Дакс кивнул. Он имел некоторое представление о проблемах американской политики.
— Сенатор попросил меня как друга помочь в столь деликатном вопросе, — продолжал Дщжереми, — и мне пришла в голову мысль о князе Никовиче. В прошлом году, будучи в Париже, она купила у него кое-какие вещи, так что ей также нравится моя идея. И сенатор доволен, поскольку сейчас князь живет в Америке.

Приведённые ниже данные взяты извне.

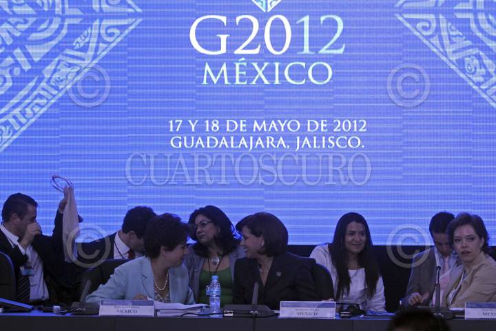GUADALAJARA, JALISCO 17MAYO2012.- En el Hospicio Cabañas de esta ciudad se lleva a cabo la Reunión de Ministros de Trabajo y Empleo del Grupo de los 20, evento al cual acuden titulares y representantes de los ministerios de Trabajo y Empleo de los Miembros del G20, (Alemania, Arabia Saudita, Argentina, Australia, Brasil, Canadá, China, Corea del Sur, Estados Unidos, India, Francia, Indonesia, Italia, Japón, México, Reino Unido, Rusia, Sudáfrica, Turquía y La Unión Europea, así como otros cinco países invitados, (España-Invitado permanente al G20-Colombia, Chile, Camboya y Benín). También está presente la Secretaria del Trabajo y Previsión Social, Rosalinda Vélez Juárez. En la foto platica con la titular de Relaciones Exteriores, Patricia Espinosa. FOTO: FERNANDO CARRANZA /CUARTOSCURO.COM

— Как это, должно быть, приятно Сергею.
— Без сомнения. Но есть маленькая оговорка. Сенатор считает, что все бы значительно упростилось, если бы еще до официальной помолвки князь объявил о своем намерении принять американское гражданство. В таком случае голоса недовольных смолки бы.
— Я не вижу здесь проблемы. Уверен, что Сергей легко согласится.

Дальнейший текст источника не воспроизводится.